▶ [Input material]
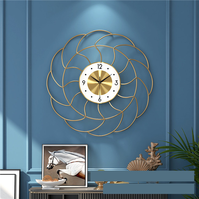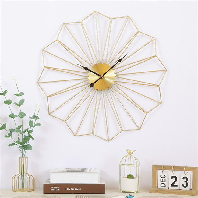 ゴールド掛け時計直径60 放射禅定に伸びたワイヤーのクリスタルギフト プレゼント キッズルーム 子供部屋 寝室 リビング 店舗 おしゃれ 北欧 ウッド シンプル高級感溢れるポリゴンライン新生
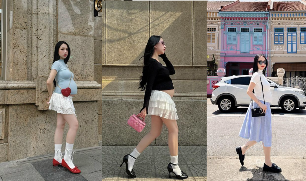 Ở những tháng cuối thai kỳ, khi chiếc bụng bầu bắt đầu to dần, nếu các mẹ bầu thường ưu tiên lựa chọn các trang phục bầu rộng rãi hack dáng thì Joyce Phạm lại chọn cách đi ngược xu hướng. Bà mẹ Gen Z khéo léo kết hợp các trang phục năng động như chân váy ngắn và croptop hoặc áo thun ôm co giãn.
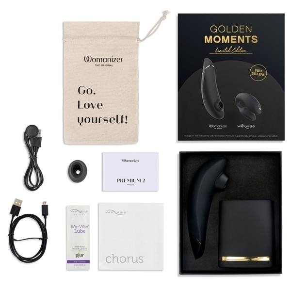 パイロット機能搭載で、吸引の強弱を自動でコントロールしてくれます。 ボタンを押さなくても当てるだけで自動で吸引ON/OFFしてくれる「タッチセンサー」機能も搭載。 We-VibeChorusは世界で一番売れているカップルバイブです。 ※こちらの商品は受注発注商品の為、ご注文から発送までに3、4営業日掛かる場合が御座います。 ![]() --![]() ゴールデンモーメントコレクション2![]() パッケージ:19.0×16.0×7.0cm 本体:ウーマナイザープレミアム(15.5×5.0×3.5cm)、We-Vibe Chorus(7.×3.3×最大直径 4.3cm) USB充電式![]() [ BACK ]
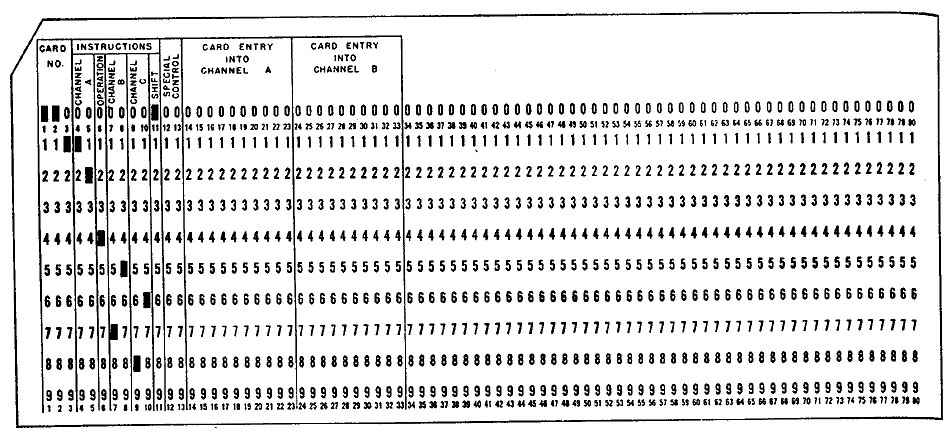The CPC operates using standard IBM punched cards. These are an economical, reliable, and flexible medium for intermediate and long-time storage of information. Cards are easy to reorder and merge using standard IBM auxiliary equipment. A typical instruction card is shown in Figure 8. Note that it provides a full line of instructions, together with room for the introduction of one or two factors, variables or constants, to be read into the machine from the card. This leaves machine memory free for current operations. In effect, the instruction deck and interfiled data cards serve as an extensive auxiliary memory. With this brief description of the overall operation of the CPC, and having pointed out some of the advantages of the arithmetic unit, one may turn to some of the outstanding features of the CPC as a whole. We shall consider sequencing, choices, parallel operation, and output.
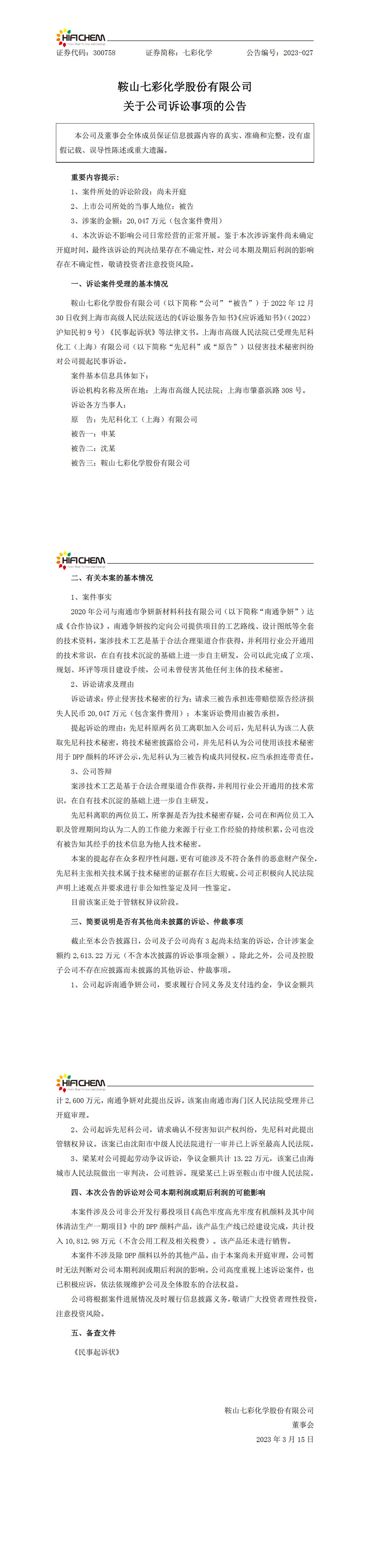 鑒于鞍山七彩化學(xué)股份有限公司(以下簡稱“七彩化學(xué)”)于2023年3月15日發(fā)布公告(隨附《鞍山七彩化學(xué)股份有限公司關(guān)于公司訴訟事項(xiàng)的公告》),提及與我司(先尼科化工(上海)有限公司)相關(guān)糾紛。
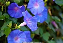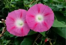 圆叶牵牛 Roth)是旋花科,番薯属一年生缠绕草本植物,叶片圆心形或宽卵状心形,基部圆,心形,顶端锐尖、骤尖或渐尖,两面疏或密被刚伏毛;花腋生,着生于花序梗顶端成伞形聚伞花序,花序梗比叶柄短或近等长,…全部>>
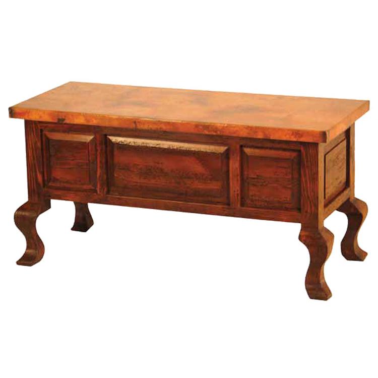 This Bowie Desk is a great compact desk and the fine hammered copper top allows even pencil to be used without worry. Sure to become the focal point of any room, the desk features uniquely carved legs, three side drawers for storage, and a large middle pencil drawer. The back is also finished for center room placement if desired.
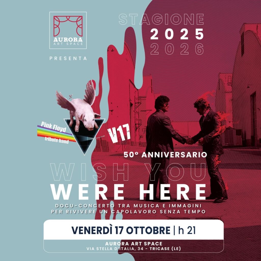 Aurora Art Space riapre le porte con un evento speciale per celebrare i cinquantโ€™anni di uno degli album piรน iconici della storia del rock. Un viaggio sonoro e visivo attraverso le atmosfere uniche dei Pink Floyd, con esecuzioni fedeli e proiezioni immersive che riportano sul palco tutta la magia di Wish You Were Here.
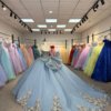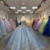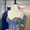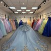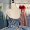 Luxurious Dusty Blue Quinceanera Dress Gold Appliques Ball Gown Sweetheart Corset Back Quinceanera Gown With Sparkle Tulle And Long Train
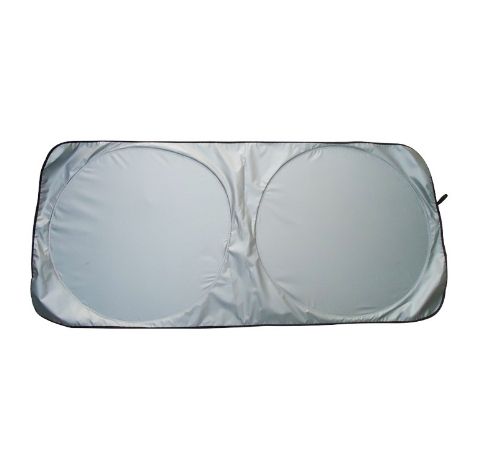 แผ่นบังแดดหน้ารถยนต์คุณภาพสูง ราคาประหยัด ป้องกันแสงแดด สีเงิน โพลีเอสเตอร์ วงกลมคู่ ดีไซน์สวยงาม ผลิตตามสั่ง
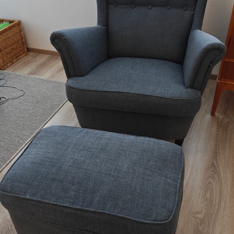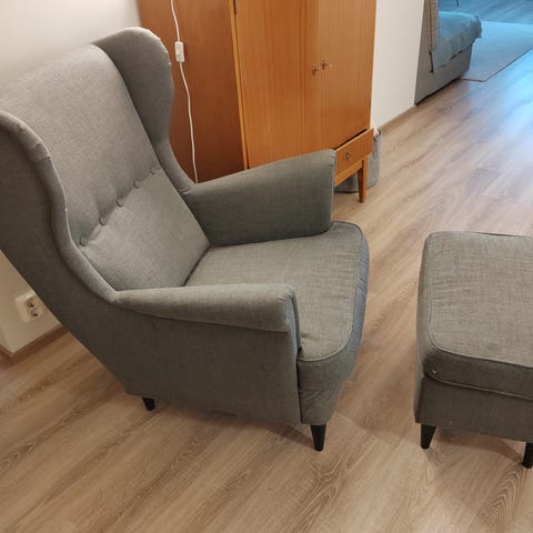 Myydään erittäin mukava ja tyylikäs IKEA Strandmon -nojatuoli rahilla, väri tummanruskea.
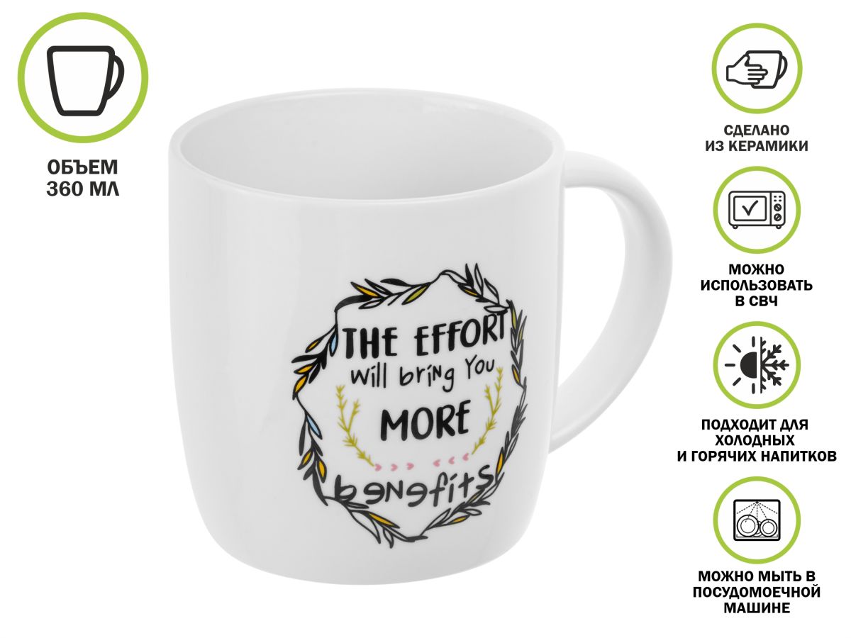 Кружка керамическая PERFECTO LINEA Joyful day-2 360 мл (30-250302) – подходит для подачи горячих и холодных напитков. Керамика отличается высокой экологичностью. Допускается применение при любой температуре: холодильник, разогрев в микроволновой печи. Неустойчива к перепадам температуры. Можно мыть в посудомоечной машине.
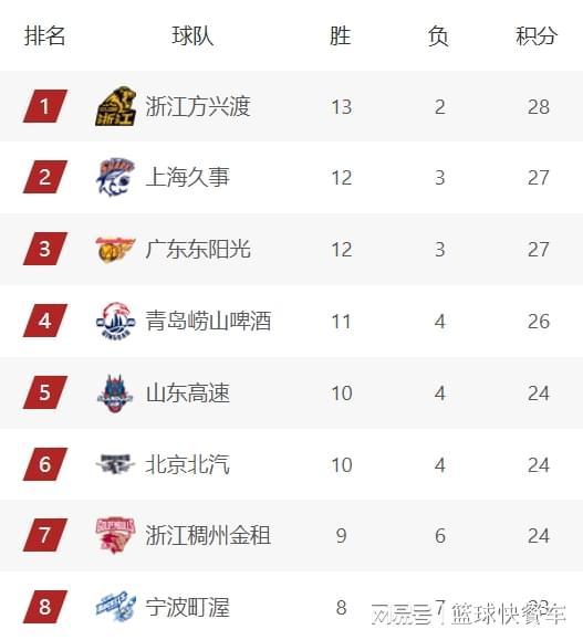 附:CBA积分榜最新排名
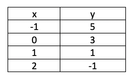 Write the equation of the line that would create this table:
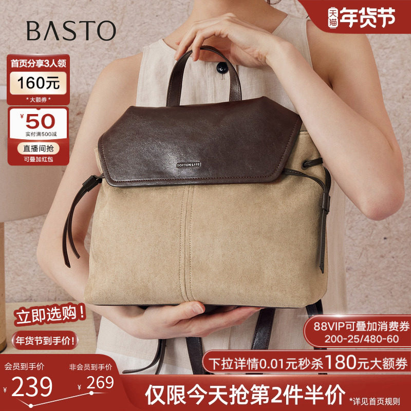 百思图2025冬季新款简约复古学院风背包潮流通勤双肩包女TY086DX5
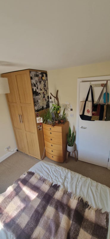 The room is furnished with a bed (with new mattress), massive wardrobe, chest of drawers, and bedside table. There is also a storage drawer under the bed and shared storage in the hall. Bills are~£55/month not including council tax (I believe council tax is ~£90 if you aren’t exempt).
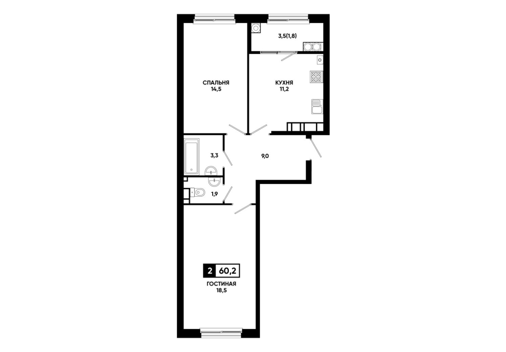 60,5 м²
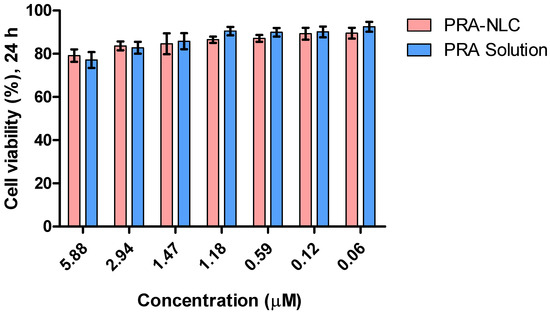 In vitro cytotoxicity of PRA-NLC suspension and the plain solution of PRA in HaCaT cells exposed for 24 h at different concentrations.
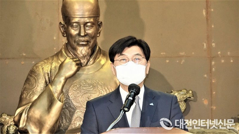 이춘희 시장이 추진위원회 발대식에 참석 대회 유치에 대한 결의를 밝히고 있다. [사진-대전인터넷신문]
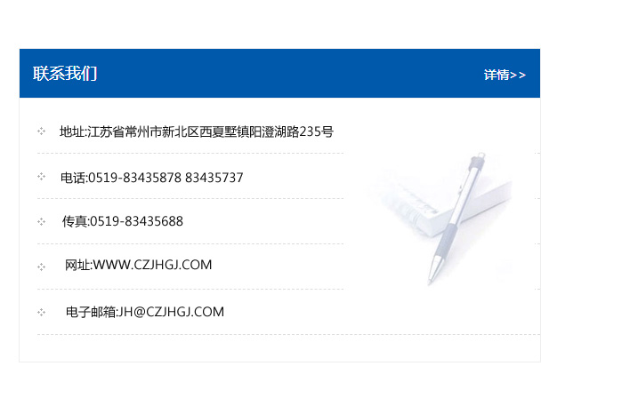 地址:常州市新北區友邦商務大廈1幢16、17層  電話:0519-85101652  傳真:0519-85112595  郵編:213022  網址:www_cz-jiayue_cn.lbsdsy.com  郵箱:xiajifengaa@163.com
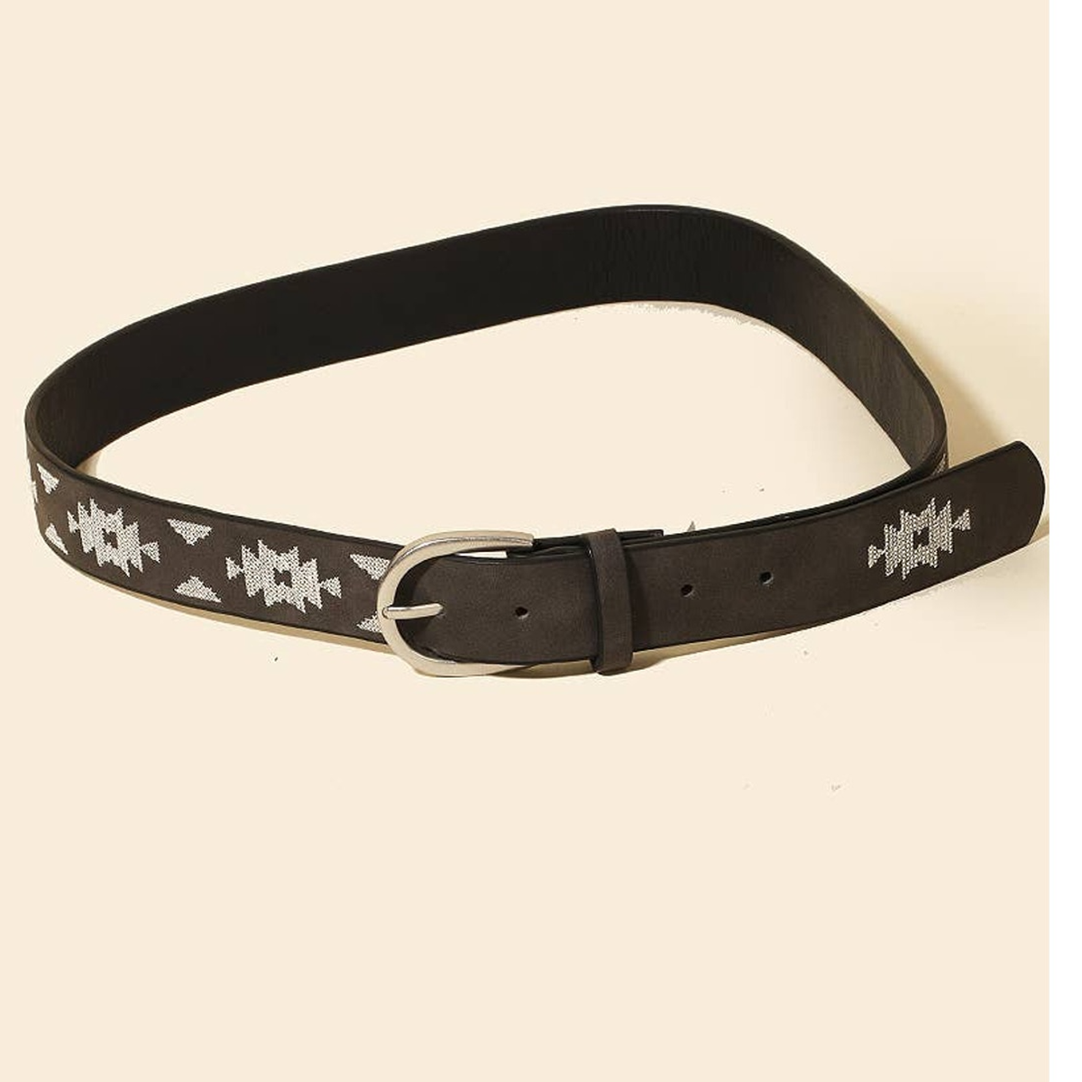 This vegan leather belt is the finishing touch your outfit has been waiting for. The intricate Aztec-inspired embroidered pattern brings a rich, bohemian Western energy to any look ? pair it with denim and boots, a maxi skirt, or your favorite Western wear. At 42 inches, it's a versatile length that works beautifully at the waist or hips.
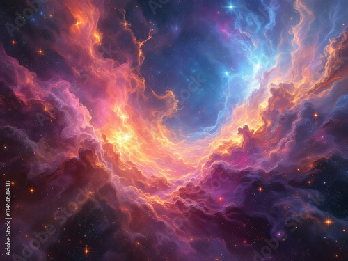 Vibrant cosmic nebula with swirling colors and glowing stars in deep space.
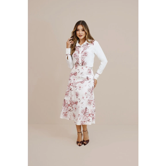 Saia Açucena Em Midi De Alfaiataria Fluida Branca Nitido
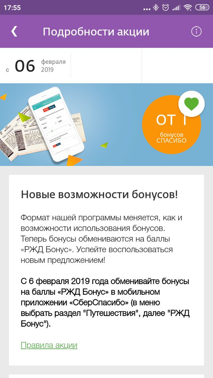 Однако Сбербанк совместно с РЖД предлагают с 2019 года акцию, согласно которой можно обменять бонусы “Спасибо” на “РЖД Бонусы” по курсу 1 к 1, а потом “Бонусы РЖД” потратить на приобретение билетов.
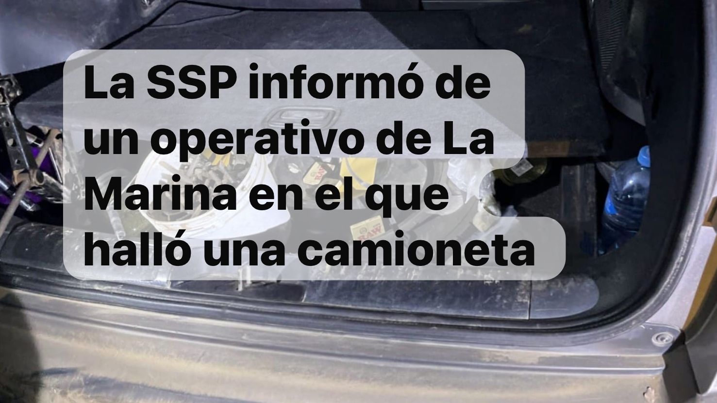 En recorridos terrestres por el municipio de Navolato, el personal naval visualizó una camioneta, marca Jeep, línea Cherokee, estacionada a un lado de la carretera que conduce de la sindicatura de Villa Ángel Flores, La Palma, a El Castillo. No tenía tripulantes. Al revisarla, se detectó que la unidad cuenta con un reporte de robo vigente y, en su interior, se localizó lo siguiente:

▶ [Exercise details] Every line in the records is to be retyped exactly as it stands; the pictures stay out.

▶ [Exercise answer]
 ゴールド掛け時計直径60 放射禅定に伸びたワイヤーのクリスタルギフト プレゼント キッズルーム 子供部屋 寝室 リビング 店舗 おしゃれ 北欧 ウッド シンプル高級感溢れるポリゴンライン新生
 Ở những tháng cuối thai kỳ, khi chiếc bụng bầu bắt đầu to dần, nếu các mẹ bầu thường ưu tiên lựa chọn các trang phục bầu rộng rãi hack dáng thì Joyce Phạm lại chọn cách đi ngược xu hướng. Bà mẹ Gen Z khéo léo kết hợp các trang phục năng động như chân váy ngắn và croptop hoặc áo thun ôm co giãn.
 パイロット機能搭載で、吸引の強弱を自動でコントロールしてくれます。 ボタンを押さなくても当てるだけで自動で吸引ON/OFFしてくれる「タッチセンサー」機能も搭載。 We-VibeChorusは世界で一番売れているカップルバイブです。 ※こちらの商品は受注発注商品の為、ご注文から発送までに3、4営業日掛かる場合が御座います。 ![]() --![]() ゴールデンモーメントコレクション2![]() パッケージ:19.0×16.0×7.0cm 本体:ウーマナイザープレミアム(15.5×5.0×3.5cm)、We-Vibe Chorus(7.×3.3×最大直径 4.3cm) USB充電式![]() [ BACK ]
The CPC operates using standard IBM punched cards. These are an economical, reliable, and flexible medium for intermediate and long-time storage of information. Cards are easy to reorder and merge using standard IBM auxiliary equipment. A typical instruction card is shown in Figure 8. Note that it provides a full line of instructions, together with room for the introduction of one or two factors, variables or constants, to be read into the machine from the card. This leaves machine memory free for current operations. In effect, the instruction deck and interfiled data cards serve as an extensive auxiliary memory. With this brief description of the overall operation of the CPC, and having pointed out some of the advantages of the arithmetic unit, one may turn to some of the outstanding features of the CPC as a whole. We shall consider sequencing, choices, parallel operation, and output.
 鑒于鞍山七彩化學(xué)股份有限公司(以下簡稱“七彩化學(xué)”)于2023年3月15日發(fā)布公告(隨附《鞍山七彩化學(xué)股份有限公司關(guān)于公司訴訟事項(xiàng)的公告》),提及與我司(先尼科化工(上海)有限公司)相關(guān)糾紛。
 圆叶牵牛 Roth)是旋花科,番薯属一年生缠绕草本植物,叶片圆心形或宽卵状心形,基部圆,心形,顶端锐尖、骤尖或渐尖,两面疏或密被刚伏毛;花腋生,着生于花序梗顶端成伞形聚伞花序,花序梗比叶柄短或近等长,…全部>>
 This Bowie Desk is a great compact desk and the fine hammered copper top allows even pencil to be used without worry. Sure to become the focal point of any room, the desk features uniquely carved legs, three side drawers for storage, and a large middle pencil drawer. The back is also finished for center room placement if desired.
 Aurora Art Space riapre le porte con un evento speciale per celebrare i cinquantโ€™anni di uno degli album piรน iconici della storia del rock. Un viaggio sonoro e visivo attraverso le atmosfere uniche dei Pink Floyd, con esecuzioni fedeli e proiezioni immersive che riportano sul palco tutta la magia di Wish You Were Here.
 Luxurious Dusty Blue Quinceanera Dress Gold Appliques Ball Gown Sweetheart Corset Back Quinceanera Gown With Sparkle Tulle And Long Train
 แผ่นบังแดดหน้ารถยนต์คุณภาพสูง ราคาประหยัด ป้องกันแสงแดด สีเงิน โพลีเอสเตอร์ วงกลมคู่ ดีไซน์สวยงาม ผลิตตามสั่ง
 Myydään erittäin mukava ja tyylikäs IKEA Strandmon -nojatuoli rahilla, väri tummanruskea.
 Кружка керамическая PERFECTO LINEA Joyful day-2 360 мл (30-250302) – подходит для подачи горячих и холодных напитков. Керамика отличается высокой экологичностью. Допускается применение при любой температуре: холодильник, разогрев в микроволновой печи. Неустойчива к перепадам температуры. Можно мыть в посудомоечной машине.
 附:CBA积分榜最新排名
 Write the equation of the line that would create this table:
 百思图2025冬季新款简约复古学院风背包潮流通勤双肩包女TY086DX5
 The room is furnished with a bed (with new mattress), massive wardrobe, chest of drawers, and bedside table. There is also a storage drawer under the bed and shared storage in the hall. Bills are~£55/month not including council tax (I believe council tax is ~£90 if you aren’t exempt).
 60,5 м²
 In vitro cytotoxicity of PRA-NLC suspension and the plain solution of PRA in HaCaT cells exposed for 24 h at different concentrations.
 이춘희 시장이 추진위원회 발대식에 참석 대회 유치에 대한 결의를 밝히고 있다. [사진-대전인터넷신문]
 地址:常州市新北區友邦商務大廈1幢16、17層  電話:0519-85101652  傳真:0519-85112595  郵編:213022  網址:www_cz-jiayue_cn.lbsdsy.com  郵箱:xiajifengaa@163.com
 This vegan leather belt is the finishing touch your outfit has been waiting for. The intricate Aztec-inspired embroidered pattern brings a rich, bohemian Western energy to any look ? pair it with denim and boots, a maxi skirt, or your favorite Western wear. At 42 inches, it's a versatile length that works beautifully at the waist or hips.
 Vibrant cosmic nebula with swirling colors and glowing stars in deep space.
 Saia Açucena Em Midi De Alfaiataria Fluida Branca Nitido
 Однако Сбербанк совместно с РЖД предлагают с 2019 года акцию, согласно которой можно обменять бонусы “Спасибо” на “РЖД Бонусы” по курсу 1 к 1, а потом “Бонусы РЖД” потратить на приобретение билетов.
 En recorridos terrestres por el municipio de Navolato, el personal naval visualizó una camioneta, marca Jeep, línea Cherokee, estacionada a un lado de la carretera que conduce de la sindicatura de Villa Ángel Flores, La Palma, a El Castillo. No tenía tripulantes. Al revisarla, se detectó que la unidad cuenta con un reporte de robo vigente y, en su interior, se localizó lo siguiente:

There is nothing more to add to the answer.